= 2015 Armenian March for Justice =

The March for Justice on April 24, 2015 was a six-mile march of over 130,000 participants from the neighborhood designated as Little Armenia in Hollywood to the Turkish consulate of Los Angeles, demanding recognition of the Armenian genocide, which Turkey denies.

==Speakers==
Los Angeles Mayor Eric Garcetti said “From Mount Hollywood to Mount Ararat, today we cry and we cry out for those who were lost and those who are living,” he said. “One hundred years later, we shouldn’t have to take to the streets.”

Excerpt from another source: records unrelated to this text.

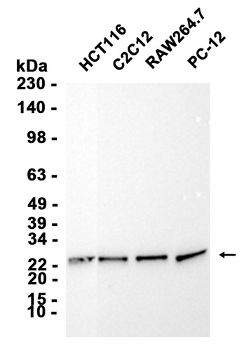 Western blot analysis of extracts from HCT116,C2C12,RAW264.7,PC-12 cells using db13170 at 1:3000.
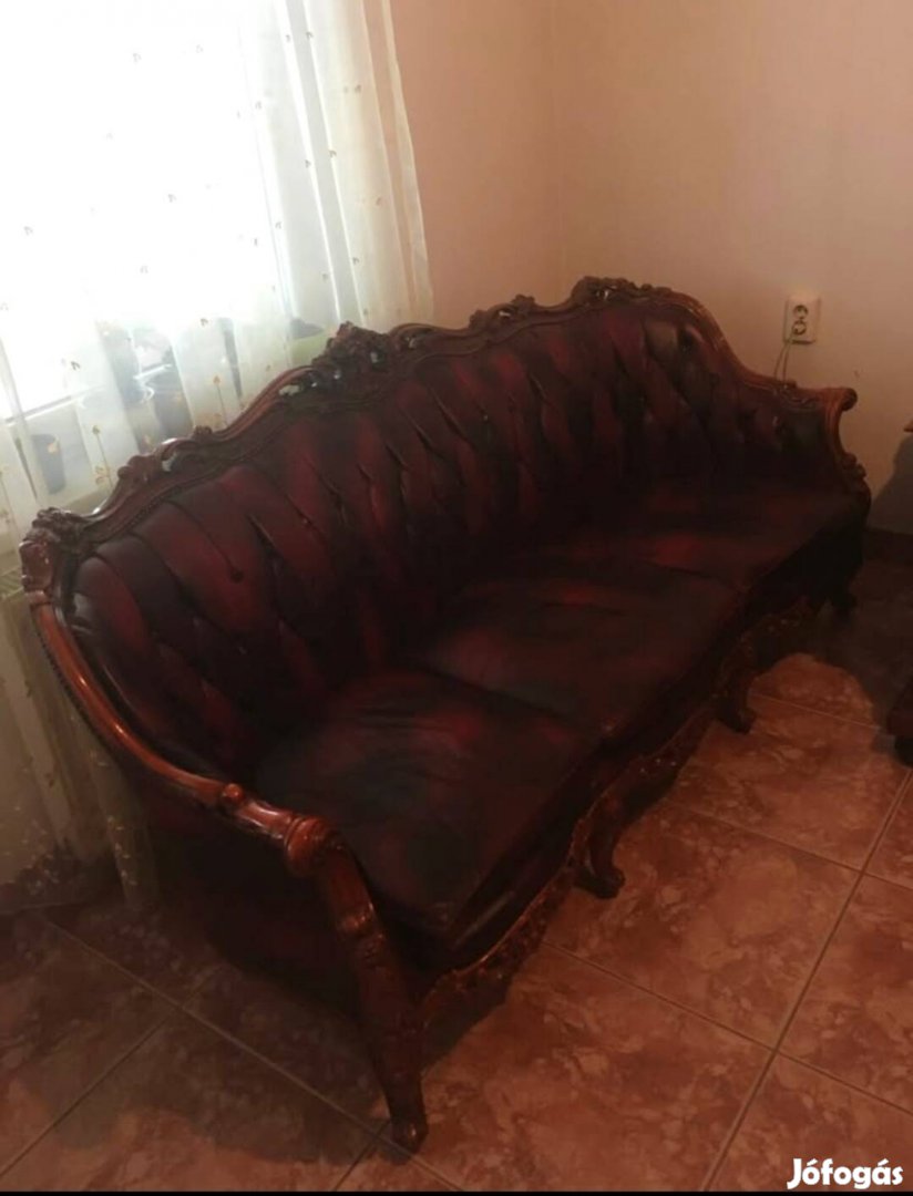 Eladó a képen látható barokk stílusú szalon bőr ülőgarnitúra. A faragása hibátlan. Kanapé + 2 db fotel. Szakadás nincs a bőrön.
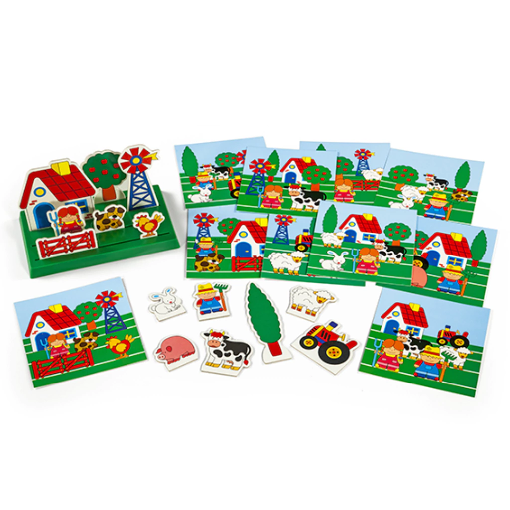 Contiene: 1 base plástica, 10 tarjetas con escenas campestres, 14 figuras troqueladas.
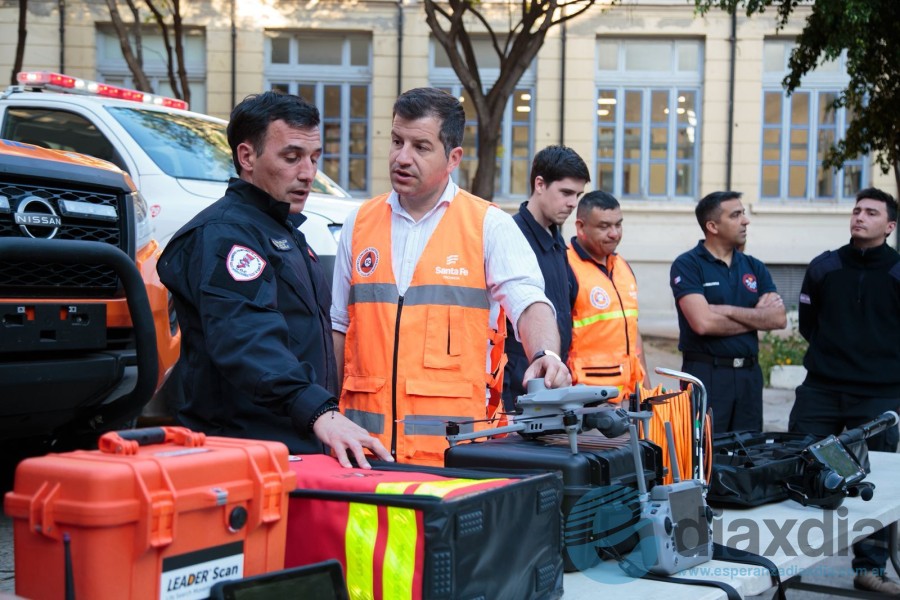 Sobre el equipo de rescate, el funcionario santafesino precisó que se adquirió por “una decisión de nuestro gobernador y del ministro de Gobierno, Fabián Bastia, quienes dispusieron de los fondos: cien millones de pesos; porque suma al recurso humano calificado que tenemos en los bomberos voluntarios”. El equipamiento “consta de un kit de localización con un carretel de noventa metros que permite, con cámara en el extremo distal, visualizar lugares de difícil acceso. Y sumamos un dron con cámara térmica a los que ya están trabajando allá”.
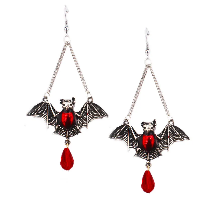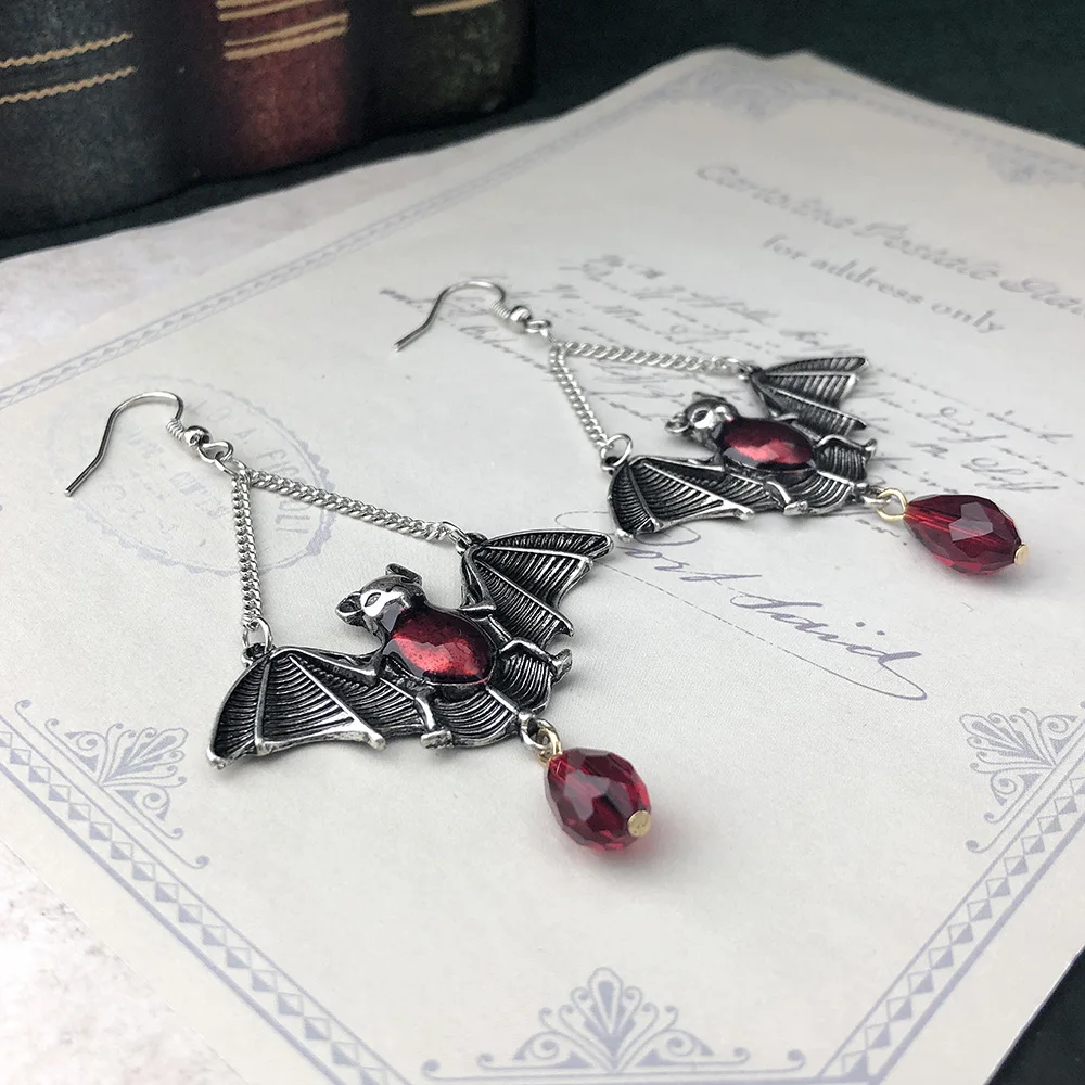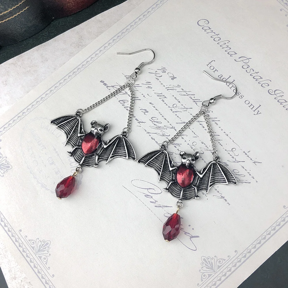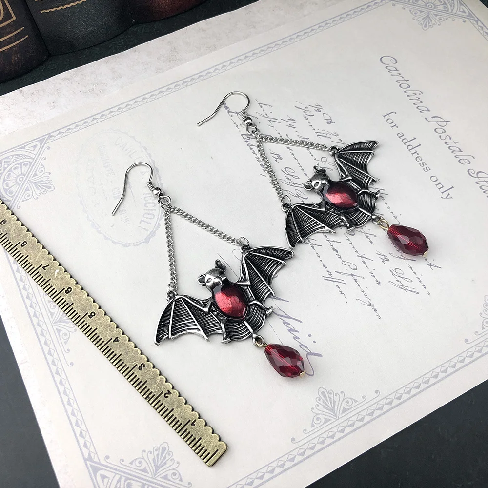 Темные готические серьги-подвески для женщин, крупные красные вампирские летучие мыши, красные капли крови, стеклянные кристаллы, мужские серьги, оптовая продажа ювелирных изделий

Los Angeles Councilman Paul Krekorian spoke of his great-grandmother receiving a letter about what happened to her brother, a math professor at Euphrates College in eastern Turkey. The brother had been seized by Turkish agents, who pulled the beard from his face. His tongue was cut out and he was left to die.

==Counter-protest==
About 30 pro-Turkey counter-protestors gathered briefly at the Turkish consulate. There was a verbal confrontation, and eggs and water bottles were tossed. The LAPD asked the pro-Turkey demonstrators to leave as the pro-Armenian crowd approached the consulate.

==Forget-Me-Not==
Many purple Forget-Me-Not flowers were displayed during the march, as this was the designated symbol of the centennial of the Armenian Genocide.